I'm not seeing why soffits are necessary. You could just save the effort and expense and put that into equipment and budget overruns.

I needed a soffit on one side to cover up some water & sewer lines. The other one is so the room stayed symmetrical.
post #32 of 278
Thread Starter 
Quote:
Originally Posted by dragodrago View Post

I hope your Electrician is qualified?? He should have pulled a ground wire in the conduit to the panel because
1. He is using raintight couplings insted of set screw type couplings to join the emt.
2. He goes into a PVC Lb before entering into the panel.
He should make sure everything is grounded and bonded to be at the same potential. Using PVC and EMT does not constitute proper bonding.
Essentially your new panel isn't at the same potential as the feeder panel, and any plugs that he runs from the new panel won't actually be grounded.
Just something I noticed.

I finally got to take a closer look at the "elbow" piece. It isn't PVS, I believe that it is "pot metal".
post #33 of 278
For a subpanel, it's code that you need both neutral AND ground to the panel, with isolation between the two. Your panel looks very similar to the Homeline (Square D) that I installed. The white wire is your neutral and I suspect that both of the wiring bars on the left and right are connected to each other across the top bus bar. If that's the case, your electrician needs to buy a grounding bar which screws into the subpanel case. Of course, you need a ground wire run from you main loadcenter to the subpanel to connect to the new grounding bar you added.
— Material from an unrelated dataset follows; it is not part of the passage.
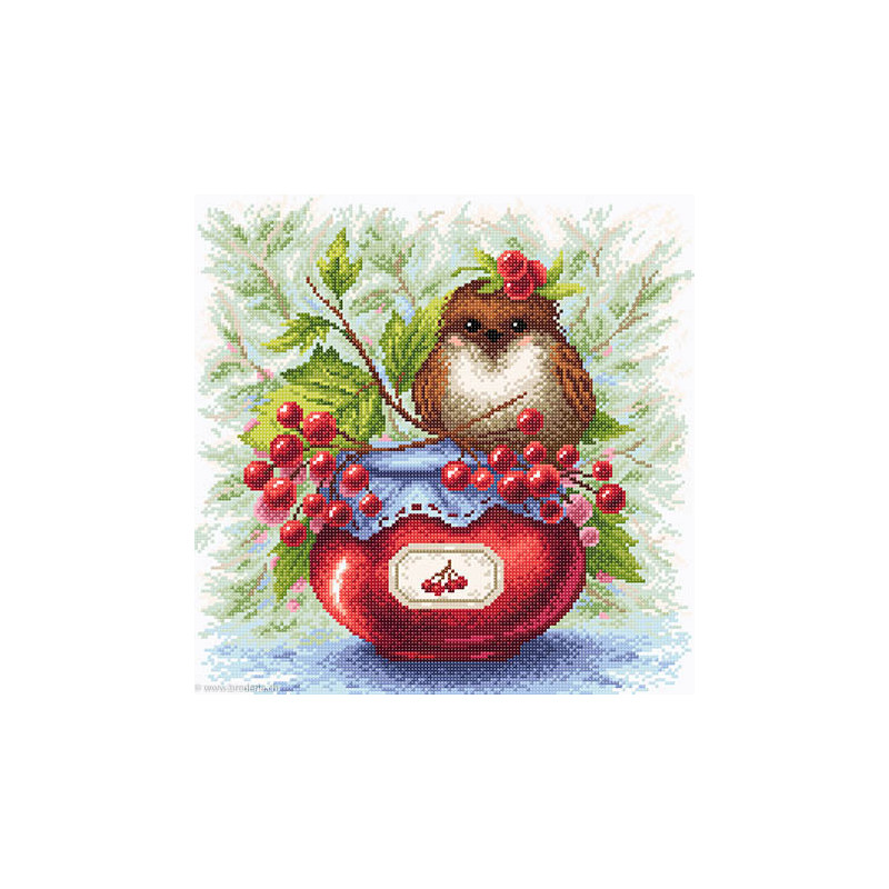 BrilliArt, kit diamant Viburnum Berries (art. MC-009). Dimensions: 38 x 38 cm. Kit comprenant la toile adhésive, les strass carrés emballés dans des sachets individuels et numérotés aux références des coloris de DMC, une pince, un stylo et sa colle, 2 réceptables et les explications.Toute la surface du tableau est à recouvrir de strass. ATTENTION: ce n'est pas une broderie, il n'y a ni fil ni aiguille, mais un collage comme une mosaïque.

Here's a good how to link that shows how a subpanel should be connected. Definitely get in touch with your electrician to sort this out.
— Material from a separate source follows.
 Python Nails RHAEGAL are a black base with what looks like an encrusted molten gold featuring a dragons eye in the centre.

http://www.hammerzone.com/archives/e...nel/01/new.htm
post #34 of 278
Thread Starter 
Quote:
Originally Posted by fotto View Post

For a subpanel, it's code that you need both neutral AND ground to the panel, with isolation between the two. Your panel looks very similar to the Homeline (Square D) that I installed. The white wire is your neutral and I suspect that both of the wiring bars on the left and right are connected to each other across the top bus bar. If that's the case, your electrician needs to buy a grounding bar which screws into the subpanel case. Of course, you need a ground wire run from you main loadcenter to the subpanel to connect to the new grounding bar you added.
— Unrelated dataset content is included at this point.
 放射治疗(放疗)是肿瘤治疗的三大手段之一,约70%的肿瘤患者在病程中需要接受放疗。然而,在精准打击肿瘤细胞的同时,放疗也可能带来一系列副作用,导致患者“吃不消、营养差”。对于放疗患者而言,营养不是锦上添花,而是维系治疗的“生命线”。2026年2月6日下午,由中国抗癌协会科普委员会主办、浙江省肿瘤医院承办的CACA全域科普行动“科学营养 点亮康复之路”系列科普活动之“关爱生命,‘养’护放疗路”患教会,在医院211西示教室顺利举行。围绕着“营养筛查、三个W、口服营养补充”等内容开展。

Here's a good how to link that shows how a subpanel should be connected. Definitely get in touch with your electrician to sort this out.

http://www.hammerzone.com/archives/e...nel/01/new.htm


Does the ground need to be run in conduit back to the main panel? Can it be out in the open since it is ground? I will have him do it, but I'm just curious.
post #35 of 278
Quote:
Originally Posted by Jailguy View Post

Does the ground need to be run in conduit back to the main panel? Can it be out in the open since it is ground? I will have him do it, but I'm just curious.

Jailguy,
Not sure about that....I'm not an electrician and don't know that level of code to give you an answer one way or the other, but I'd think a separate ground running outside of the conduit would be frowned on, especially since your guy saw the need to run conduit in the first place. After looking closer at your panel, it appears you have 2 wiring bars per side. Maybe one on each side is grounded to the enclosure, and the other two are tied together for the neutral, and the conduit is the ground back to the main loadcenter? Never heard of doing that but maybe it's acceptable. If you need to get an electrical inspection, you'll find out soon enough

In lieu of giving you bad guidance, you should just ask your electrician how he has the ground set up for the panel, knowing that you need neutral and ground at the subpanel with isolation between the two.
post #36 of 278
Thread Starter 
Few pic of the riser I just built, the osb is just resting on top, so I could see what it looks like. Including the bar, it is 96" long and 103½" wide.



post #37 of 278
Thread Starter 
I just received my 20U rack rails from sweetwater.com. I saw Jamis mention this place in his build thread. I would recomment them highly. They actually called me to notify me that my order was received and when they would ship it. When I received the package they actually had a few pieces of candy in the box. Just a few things that made me say wow, I wish all companies were like that.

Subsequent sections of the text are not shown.